Replies to post #416595 on Anavex Life Sciences Corp (AVXL)

[Steady_T]

Thanks for the notes. Wish I could have gone.

[plexrec]

Bourbon--" good meeting"--thanks for reporting--very good to hear !!

[tredenwater2]

Outstanding BB, tyvm all sounds positive. Some here still waiting for adas cog score so they can sleep at night and “be right”, some giving a 1 in 50 for AA, others just frustrated by the amount of time. I stand by my belief that Dr. M is in complete control, has hired the appropriate people to achieve AD approval and partnership and Anavex will explode onto the market with the IP for the greatest CNS drug of all time including a rapidly maturing rare disease program.

Cheers

[LBSR TO DA MOON]

Bourbon - Thanks for sharing your notes regarding the ASM...much appreciated!
However, I see that you were silent on what I personally believe to be two (2) very important issues. Please carefully reflect back on your attendance at today's ASM and answer the following questions to the best of your knowledge:
1) Were bagels served?
If yes, were they fresh and how many different varieties were offered?
2) Was coffee served?
If yes, was it hot and was cream, milk, half-n-half and/or sugar offered?
While these questions may seem a bit trivial to some here, I believe your answers will provide some great insight to those of us here who understand the importance of fresh bagels and hot coffee. Thanks in advance!

[Jonjones325]

Thanks, Is this quote for Alz? If so, that is surprising.

Surprising that they are not saying approval will be sought at the same time from all regulatory agencies. So they are waiting on US decision first?

"US will be before seeking Oz approval, reason is better pricing."

[attilathehunt]

Thank you!! Great recap!

[georgejjl]

Bourbon,

Thank you very very much for your takeaways from today's ASM. Do you feel better today than you felt yesterday given what you heard today.

What was the few from the crowd as far as the "smile factor". Do you think most people there are more confident after today's presentation.

Good luck and GOD bless,

[RedShoulder]

Bourbon and Powerwalker, many thanks for the notes. No bad news is good news.

Looks like the rest of this year will be pretty busy, along with the good news PRs we are waiting on,

[jmvho]

Bourbon - Many thanks for the great summary of the meeting!

jmvho

[tradeherpete]

Thank you Bourbon_on_my_cornflakes

Your report gives substance to the reality of real people tackling an impossible disease, doing well, amid all the noise the Media promotes about gun violence. But they have no time to report on history making science breakthroughs.

Shameful.

[meds4life]

Bourbon,
Thanks for the satorial award !

[Hoskuld]

Couple of items to add:

- Dr. Missling repeatedly said that his priority is creating shareholder value

- Patent protection on 2-73 is solid out to 2039.

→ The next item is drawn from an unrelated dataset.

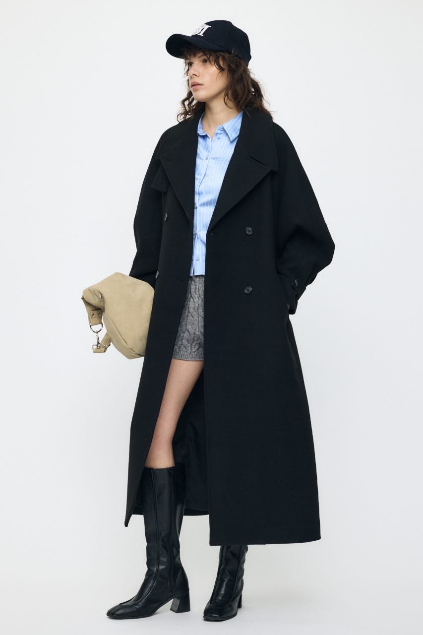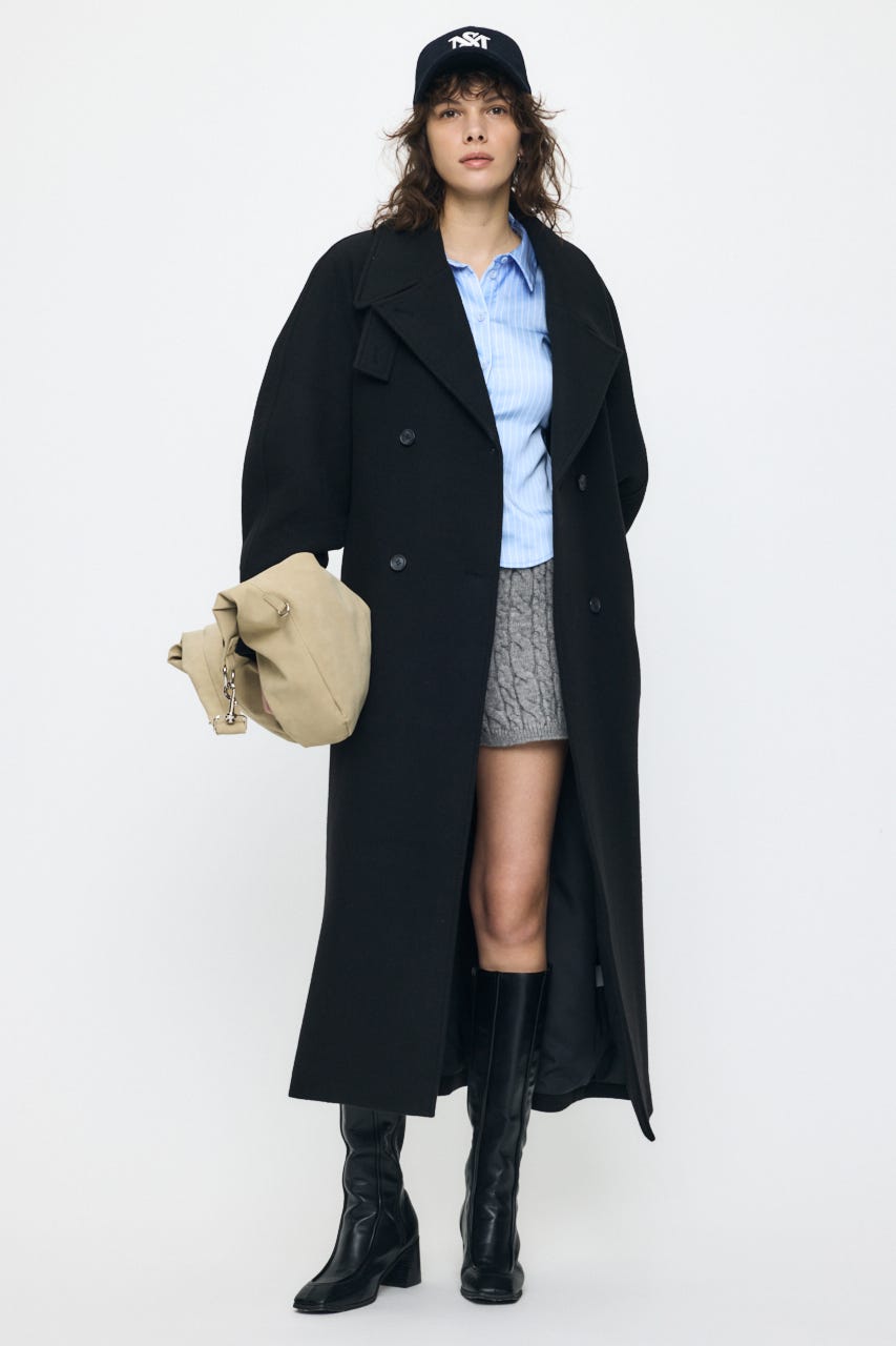 ブーツやタイツ+ヒールで脚を見せるスタイリングがバランスよく決まります。

- Lecanemab screened 8,000 patients down to 1,700 (had to meet specific beta amyloid load and ab40/ab42 ratio requirements) versus 2-73 trial screen 600 down to 509 (or whatever.)

- 2-73 shows impact on beta amyloid and tau...plus a host of other relevant biomarkers such as inflammation

- the reason it took so long to run the p2b/p3 was money (when Dr.Missling took over Anavex was a penny stock with $5K in the bank and $2m in debt) and they added clinics very slowly because they simply could not manage more burn (other may know this but it was new info to me - not the poverty but the pace being dictated by funding, which now seems obvious.)

- Foundations have funded and encouraged PD, Rett, Anglemans, FragileX, etc...they are active and maybe a couple of more foundations will provide funding (and credibility) soon for other indications

If anything else occurs to me then I will post it. Thanks Bourbon.

[raja48185]

Thanks for the feedback.

< They have 30mg and 50mg data for alz but will only release as part of complete data release "this year" (my take is this is in part to leave shorts with no target, drop the MOAB with zero warning, hehe) >

Seems to me that even filing with the FDA for approval for AD(which is encouraging) is going to be later during the year, and most likely it will be after the Rett Top Line Data is out.

'Part of the complete data release' - question is what constitutes the 'Complete Data Release' ? Hence my above assumption (conservative, safe to say knowing Anavex)

[WolfofMia]

Thank you for the meeting notes.

Are we feeling more optimistic about AVXL and management now?

[Joseph_K]

Doesn't this indicate PM trial is next probably?

From Missling via Bourbon: "-future trials can select for genomics that respond best to 273 - wild type is 80%. he noted that biogen and Lilly rejected 80% of the potential trial participants and still only an inconclusive result on effectiveness, So 273 can claim to much wider market."